23 07

This month felt quite intense and I have been busy non-stop, and particularly in the last three days where gix archive came to life. After all, when you have the capability to properly checkout and filter worktree files, one should also be able to stream these straight into an archive format. But let's start in order.

The `gix filter` crate

In order to perform worktree checkouts, one has to apply filters that transform objects from a form suitable for storing git back to the worktree version. This process is entirely controlled by git attributes and git configuration with complex rules and a lot of legacy. These control things like end-of-line conversions, ident substitution ( $Id$ ), encoding changes and lastly, external filter programs. This also means that filters can be applied in inverse when adding files from the worktree for storage in git.

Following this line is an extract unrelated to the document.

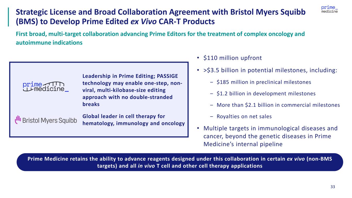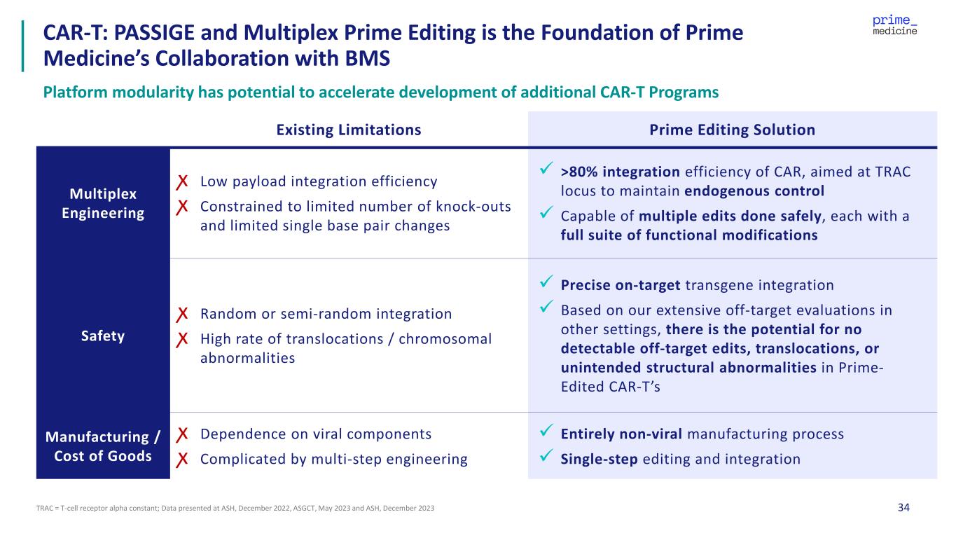 33 Strategic License and Broad Collaboration Agreement with Bristol Myers Squibb (BMS) to Develop Prime Edited ex Vivo CAR-T Products First broad, multi-target collaboration advancing Prime Editors for the treatment of complex oncology and autoimmune indications • $110 million upfront • >$3.5 billion in potential milestones, including: ‒ $185 million in preclinical milestones ‒ $1.2 billion in development milestones ‒ More than $2.1 billion in commercial milestones ‒ Royalties on net sales • Multiple targets in immunological diseases and cancer, beyond the genetic diseases in Prime Medicine’s internal pipeline Leadership in Prime Editing; PASSIGE technology may enable one-step, non- viral, multi-kilobase-size editing approach with no double-stranded breaks Global leader in cell therapy for hematology, immunology and oncology Prime Medicine retains the ability to advance reagents designed under this collaboration in certain ex vivo (non-BMS targets) and all in vivo T cell and other cell therapy applications

Whereas the three built-in filters are relatively simple and operate on whole buffers, where objects can be assumed to be small enough to fit comfortably into memory, there are also user-defined drivers programs which can complicate things. It all starts simple with so-called clean and smudge filters, where each is a program to call, receiving the object on standard input and writing the filtered result to standard output. The filepath may also be passed for good measure, but that's all they can do.

Despite simple, here we complicate things a little when filter programs should support streaming. Think of git-lfs which receives a small manifest and turns that into potentially huge files that it downloads from a different storage. git itself unfortunately appears to be copying the entire output of the filter program to a buffer in memory with no streaming at all. gitoxide won't have problems with that though as streaming is fully supported.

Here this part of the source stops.